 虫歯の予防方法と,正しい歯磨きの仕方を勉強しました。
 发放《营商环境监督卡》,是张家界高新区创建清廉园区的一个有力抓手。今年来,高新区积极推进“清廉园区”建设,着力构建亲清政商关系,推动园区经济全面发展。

===============

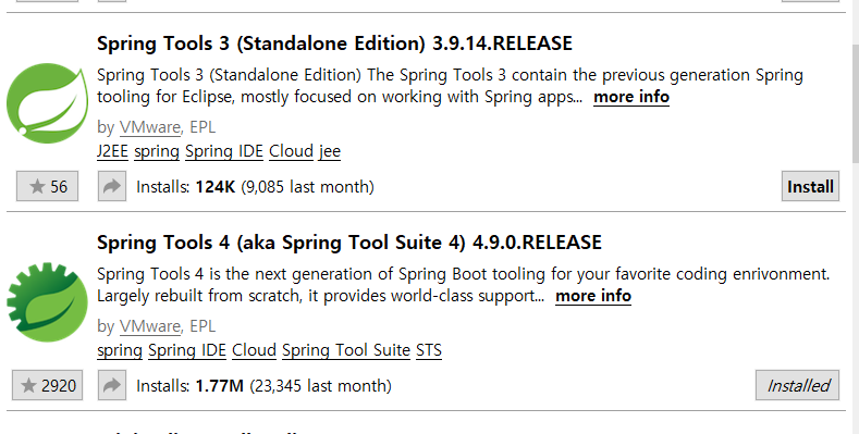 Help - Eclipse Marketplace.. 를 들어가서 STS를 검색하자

===============

• [Requirement]:
Please output the lines of the listing above that fall in the stretch from the one with "虫歯の予防方法と,正しい歯磨きの仕方を勉強しました。" through the one with "发放《营商环境监督卡》,是张", exactly and only those.

• [Problem solution]:
 虫歯の予防方法と,正しい歯磨きの仕方を勉強しました。
 发放《营商环境监督卡》,是张家界高新区创建清廉园区的一个有力抓手。今年来,高新区积极推进“清廉园区”建设,着力构建亲清政商关系,推动园区经济全面发展。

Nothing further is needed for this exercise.